The offer was nevertheless quite enticing if one believes “Tahiti Tourism” which writes on its website: “It might seem too beautiful to be true. There are places so well preserved that to go there is the greatest of privileges, even supernatural. It is, however, the characteristic of this atoll of 11 km2 with its incredible shape of a heart appreciated when seen from the sky … It is endowed with a double lagoon and motu covered with coconut palms. The birds live there in quantity as well as the marine turtles that come to lay on its beaches from November. There are no inhabitant nor hotel on Tupai. The atoll is devoid of passes, but with a small airstrip inaugurated in 2001 … “. There can be no doubt that the editor of this “honey pot” article never set foot on the atoll for a very long time!

Unfortunately the truth about Tupai is very different and it must be said, even at the risk of upsetting some. The only truthful point in the Tahiti Tourism article is that the atoll as seen from the sky deserves photography; and as for getting there! There are no turtles, no birds and no more fish in a lagoon that has suffered the last outrages of men and their destructive madness.
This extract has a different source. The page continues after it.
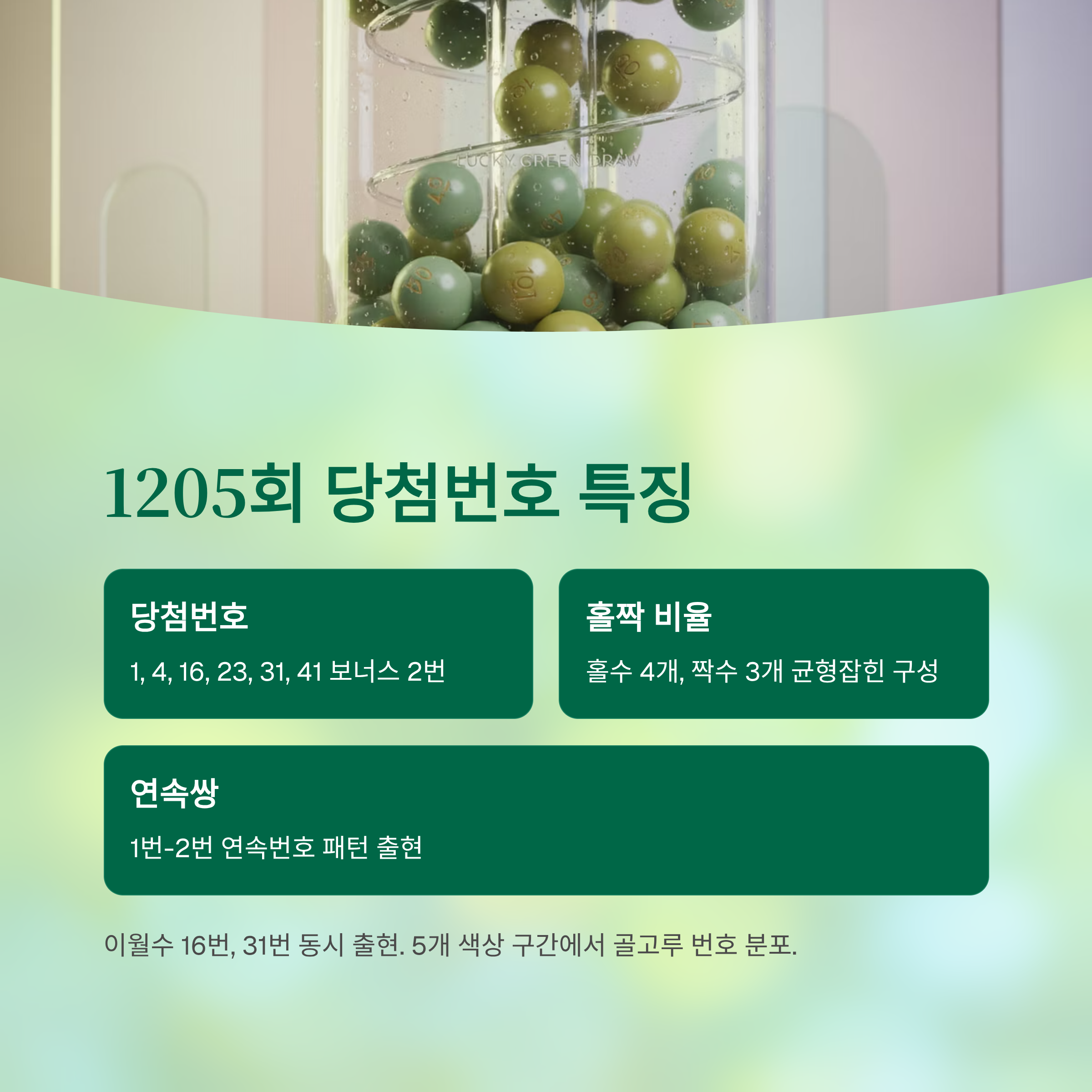 1205회 당첨번호 1, 4, 16, 23, 31, 41(보너스 2)에서 발견한 주요 특징은 다음과 같습니다. 이월수가 2개(16, 31) 포함되었고, 1월 약세 번호인 23번과 4번이 깜짝 등장했습니다. 5개 색상 구간에서 골고루 번호가 출현했으며, 연속쌍(1-2)이 형성되었습니다.

The coconut plantation has degenerated totally, the humus rendering the soil once fertile on certain plots has disappeared, mosquitoes abound there, the private, luxury residence built to be used on rare occasions for the benefit of a “happy few” friends or collaborators of the former President has returned to the vegetation after being ransacked and pillaged in somewhat strange circumstances given that the atoll has always been under guard initially of the former GIP then of the SAS. The planks of the pontoons are worm-eaten, its small pass widened in 2002 is blocked with gigantic blocks of concrete deposited there in order to make access to the atoll impossible when it was abandoned, and seeing the intra-lagoon life slowly dieing off with the atoll being at the end of its life as the waters of the lagoon can no longer renew themselves due to the size of the atoll’s reef & motus. This is the sad reality of what has become Tupai, one of the jewels of the Leeward Islands which has become an ecological disaster.”

One has to wonder if these guys have ever been there – you don’t need to be Einstein to know what I think:

http://www.gotahiti.com/2012/07/tupai-the-heart-of-the-polynesian-islands/

http://www.tahititravel.com.au/tupai

Notwithstanding it is sad to see the depart of Tahiti-Helicopters for not only did they take tourists to an island of their dreams but they also assisted regularly in important fire-fighting operations on the islands & in providing much needed & greatly appreciated emergency medical flights.